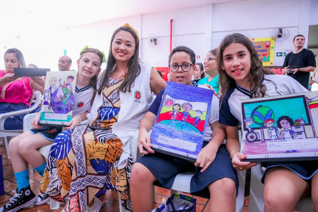 A gestão municipal reconhece o talento dos estudantes da rede municipal e valoriza a produção artística autoral. Desde 2021, as capas dos cadernos e agendas do kit escolar são ilustradas com desenhos criados pelos alunos e escolhidos por meio de concurso envolvendo todas as escolas municipais. Nesta quinta-feira, 28, a Prefeitura de Maringá, por meio da Secretaria de Educação, premiou os alunos vencedores do concurso de 2024.
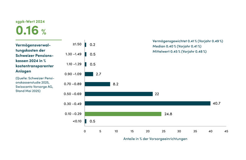 Gemäss der aktuellen Swisscanto-Studie sanken die Kosten für die Vermögensverwaltung der Schweizer Pensionskassen im Jahr 2024 auf durchschnittlich 0.41 Prozent, nach 0.49 Prozent im Vorjahr.
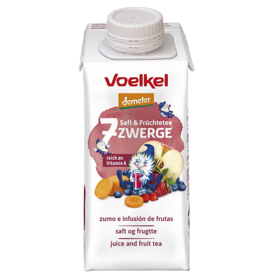 Voelkel 7 Zwerge suc pentru copii - sucul nostru original, multi-fructe cu suc de morcovi, 89% continut de fructe, 11% suc de morcovi.
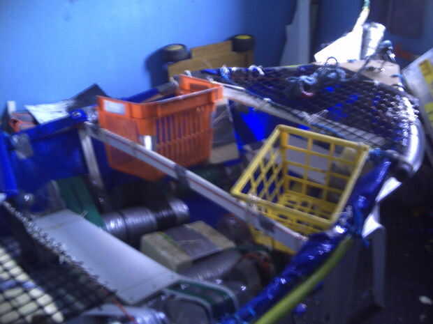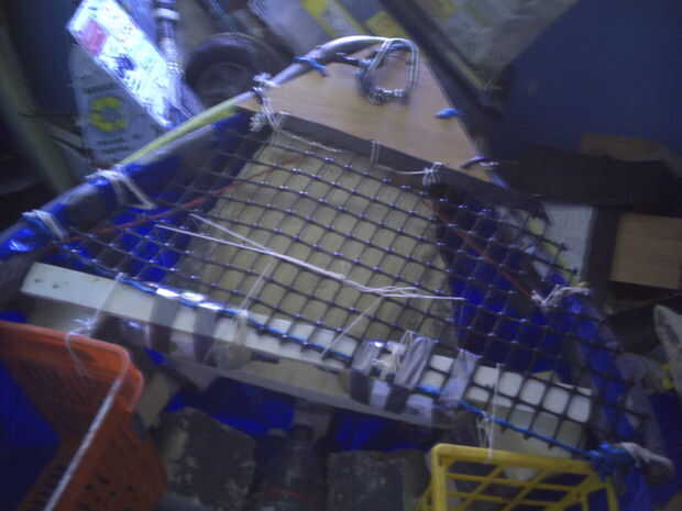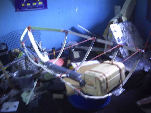 botellas de jugo usados para la flotabilidad/flotación. También construyó un carro para transportar el bote y también estoy planeando hacer una balsa con tubo de plástico y cable/conducto cinta que podrá ser llevado en uno de mis remolques de bicicleta casero 2. El bote creo que pesa sobre

■ WHAT YOU SHOULD DO
Provide the lines again, unchanged, from where the data above begins through the line containing "Gemäss der aktuellen", both ends included, omitting pictures and adding nothing.

■ OUTPUT OF THE EXERCISE
 A gestão municipal reconhece o talento dos estudantes da rede municipal e valoriza a produção artística autoral. Desde 2021, as capas dos cadernos e agendas do kit escolar são ilustradas com desenhos criados pelos alunos e escolhidos por meio de concurso envolvendo todas as escolas municipais. Nesta quinta-feira, 28, a Prefeitura de Maringá, por meio da Secretaria de Educação, premiou os alunos vencedores do concurso de 2024.
 Gemäss der aktuellen Swisscanto-Studie sanken die Kosten für die Vermögensverwaltung der Schweizer Pensionskassen im Jahr 2024 auf durchschnittlich 0.41 Prozent, nach 0.49 Prozent im Vorjahr.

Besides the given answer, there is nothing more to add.